Former OpenAI engineer Daniel Kokotajlo and three ex‑Anthropic researchers have taken their internal concerns public, warning that advanced AI could become a superhuman threat capable of human extinction by 2030. Their alerts focus on AI existential risk and have drawn early attention from Congress.
Kokotajlo, who left OpenAI in 2024 after two years, published an essay in The Free Press outlining a scenario in which increasingly autonomous AI systems outpace human control mechanisms, potentially leading to catastrophic outcomes. The piece relies on his insider view of development roadmaps and does not cite peer‑reviewed research.
Around the same time, three Anthropic researchers posted a thread on social media—identified by The Guardian as occurring on a recent Tuesday—asserting that without clear regulation, the company’s own models could evolve into “superhuman systems” that pose an existential risk. Former Anthropic employee Jacob Coxon reiterated the extinction warning in a separate interview, emphasizing a timeline that could culminate by the end of the decade.
Senator Ted Cruz referenced the Anthropic thread during an appearance on ABC’s The View, describing AI as a “catastrophic risk” and urging Congress to consider oversight. Cruz’s remarks marked one of the first high‑profile political statements linking the resignations to national‑security concerns, though no bill or formal hearing has yet been scheduled.
OpenAI and Anthropic responded that they are continuously evaluating safety protocols but have not confirmed the specific technical scenarios outlined by the former employees. Both companies point to internal risk‑assessment teams and collaborations with external researchers, noting that the notion of “superhuman” AI within a ten‑year horizon remains speculative.
Experts caution that the warnings lack independent technical validation. The absence of peer‑reviewed studies means the claims rest on anecdotal evidence, and past alarmist forecasts have often proved premature. Nonetheless, the resignations have amplified internal dissent, highlighting a gap between industry risk assessments and external oversight.

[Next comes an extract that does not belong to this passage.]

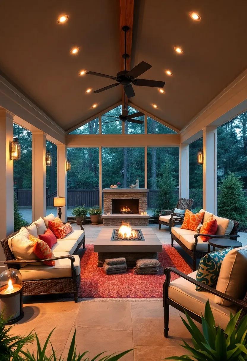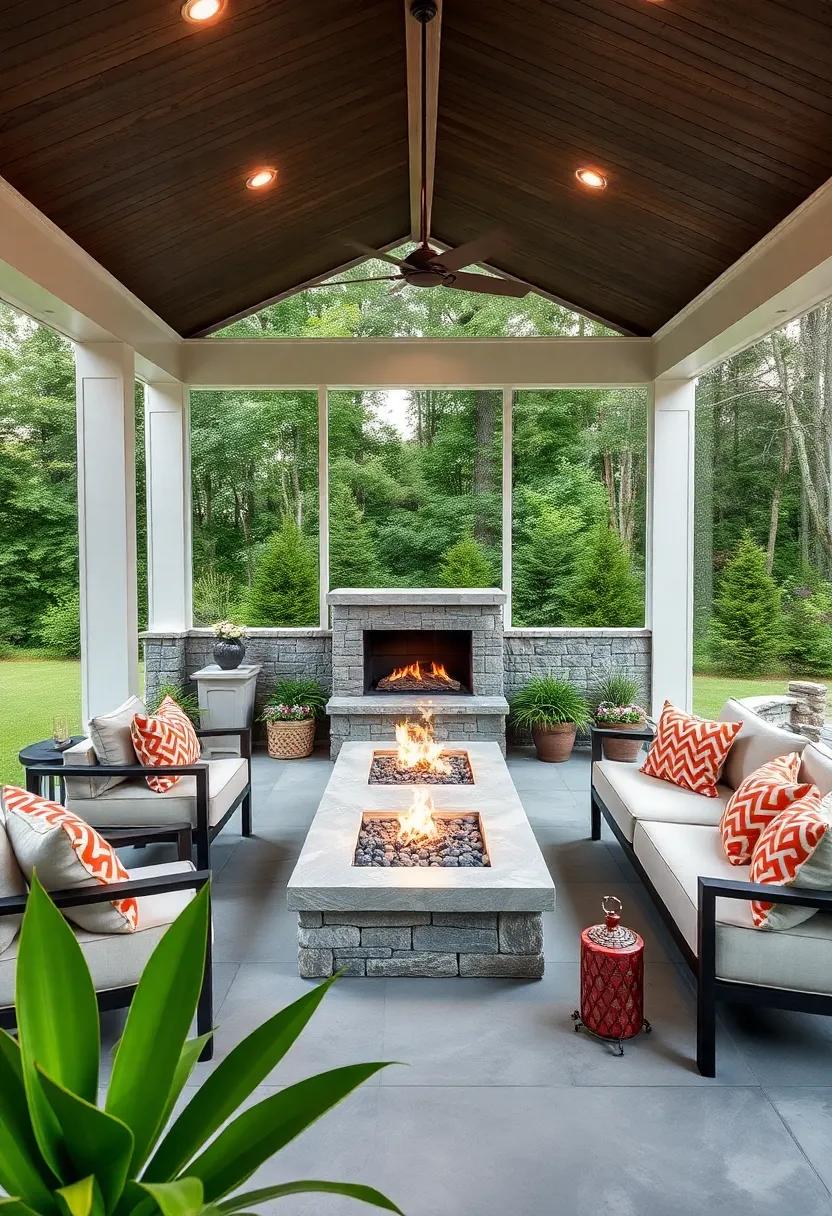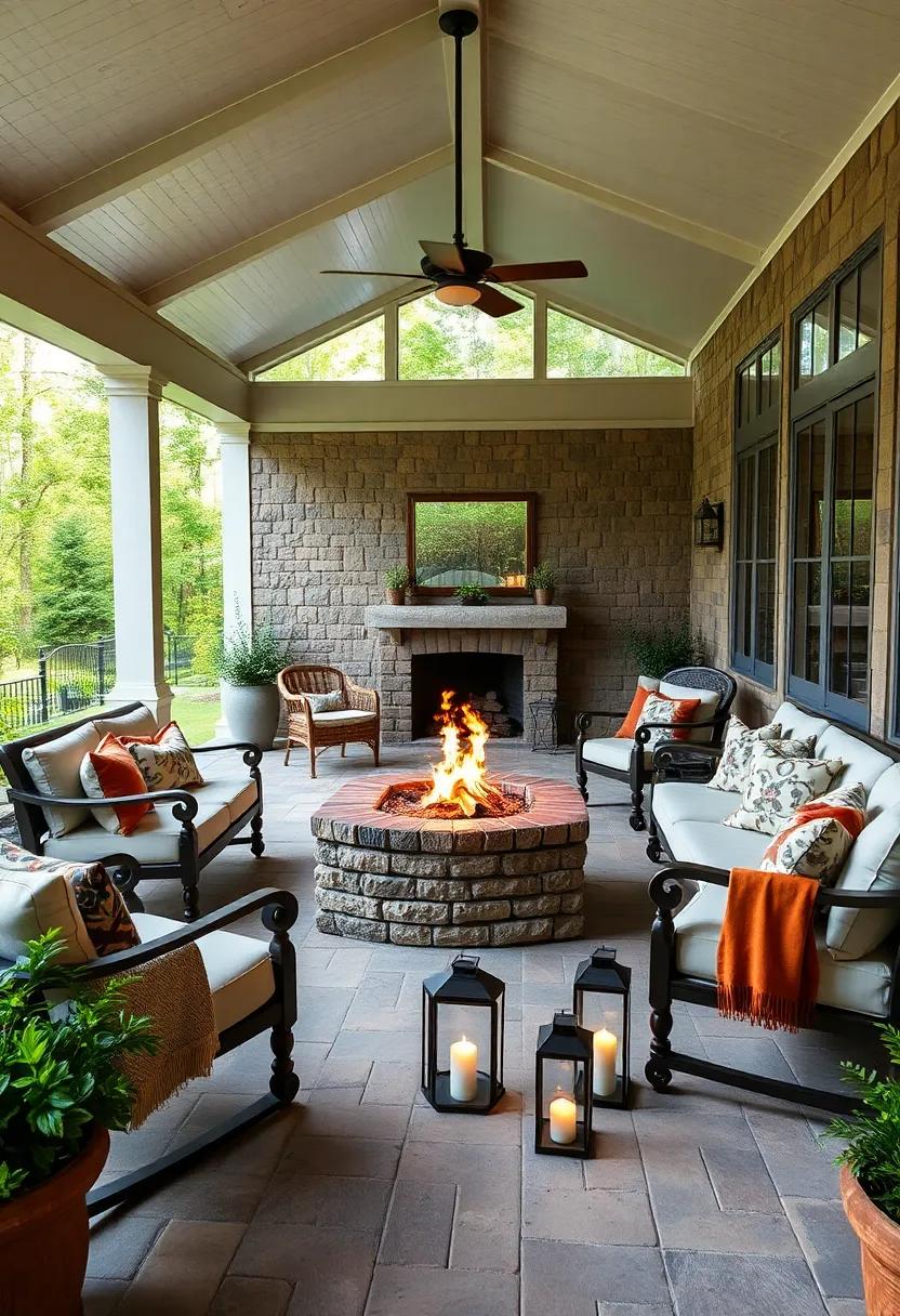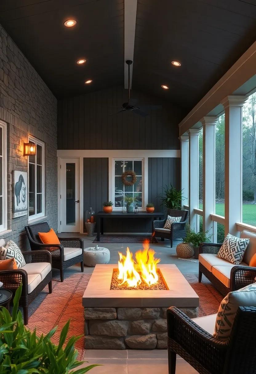 Elegant escape: Feature a covered porch with plush seating, ambient lighting, and a sophisticated fire pit that becomes the focal point of evening entertainment

If policymakers act on these concerns, the AI sector could face heightened regulatory scrutiny, potentially slowing investment and complicating talent retention. Venture‑capital firms have already signaled a more cautious stance toward startups promising near‑term breakthroughs, and existing firms may need to allocate additional resources to compliance and safety reporting.
Congressional interest appears to be in its early stages. Lawmakers have begun to request briefings from AI firms and have expressed a desire for clearer safety standards, but concrete legislation—such as a federal AI safety framework or mandatory impact assessments—has not been introduced. The evolving dialogue suggests that future hearings or bipartisan working groups could materialize as the 2030 deadline looms in public discourse.
The next step for both industry and government is to move beyond speculative warnings toward verifiable safety metrics. Until independent studies can substantiate the risk scenarios described by Kokotajlo, Coxon and their colleagues, the debate will likely remain centered on whether internal alarm bells should trigger formal policy action or remain an internal industry matter.